# Planted Enclosure



## 31drew31 (May 22, 2009)

Me and my girlfriend decided to make our tegus enclosure look a little nicer. So we went to Home Depot and picked up some live plants, took an old aquarium I had and made it into a pond and then added some bark mulch on top. We also added a waterfall into it. The aquarium/cage is a damamged 120G from a pet store i picked up for 50 bucks. In the third pic you can see the little columbian sticking his head out haha. Let me know what you think!






















Andrew.


----------



## Dom3rd (May 23, 2009)

That looks good what size aquarium is that that ur tegu is in?


----------



## 31drew31 (May 23, 2009)

120 gallon like posted above haha


----------



## Dom3rd (May 23, 2009)

sorry i missed that ...LOL


----------



## 31drew31 (May 23, 2009)

hah its alright.


----------



## nemo66 (May 24, 2009)

do you have the plants in a pot buried under the mulch or are they just in the mulch?


----------



## 31drew31 (May 24, 2009)

Actually i have about 5-6 inches of soil underneath the mulch.

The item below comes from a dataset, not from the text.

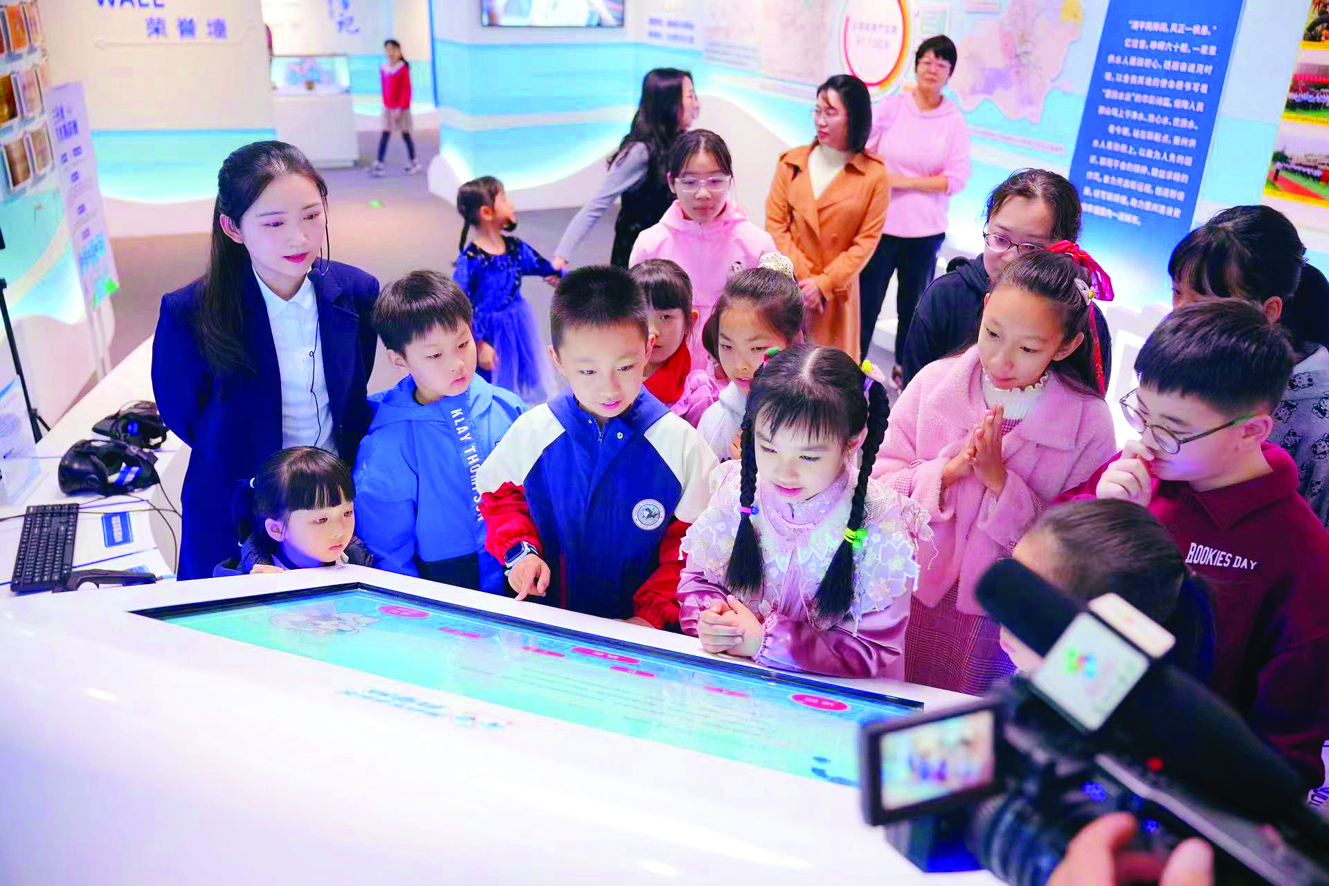 在基地內(nèi),學(xué)生和家長(zhǎng)們緊跟現(xiàn)場(chǎng)講解員,津津有味地學(xué)習(xí)一滴水的誕生過(guò)程、節(jié)水科普知識(shí)、節(jié)水技術(shù)等,積極參與互動(dòng)小游戲,還深入水廠實(shí)地感受飲用水的處理過(guò)程。

The mulch is just for humidty and to make it look cleaner. Also the tegu loves burying himself in it in the one corner where i put more mulch.


----------



## nemo66 (May 25, 2009)

that's a cool idea. how often do you change the soil?


----------



## 31drew31 (May 25, 2009)

well ive only had it done like that for about 5 days. But im not planning on changing the soil. just spot clean and pull out the bark nuggets that have been soiled on and replace as needed. Only time id do anything to the soil would be if it really started to smell or if i saw mold growing.


----------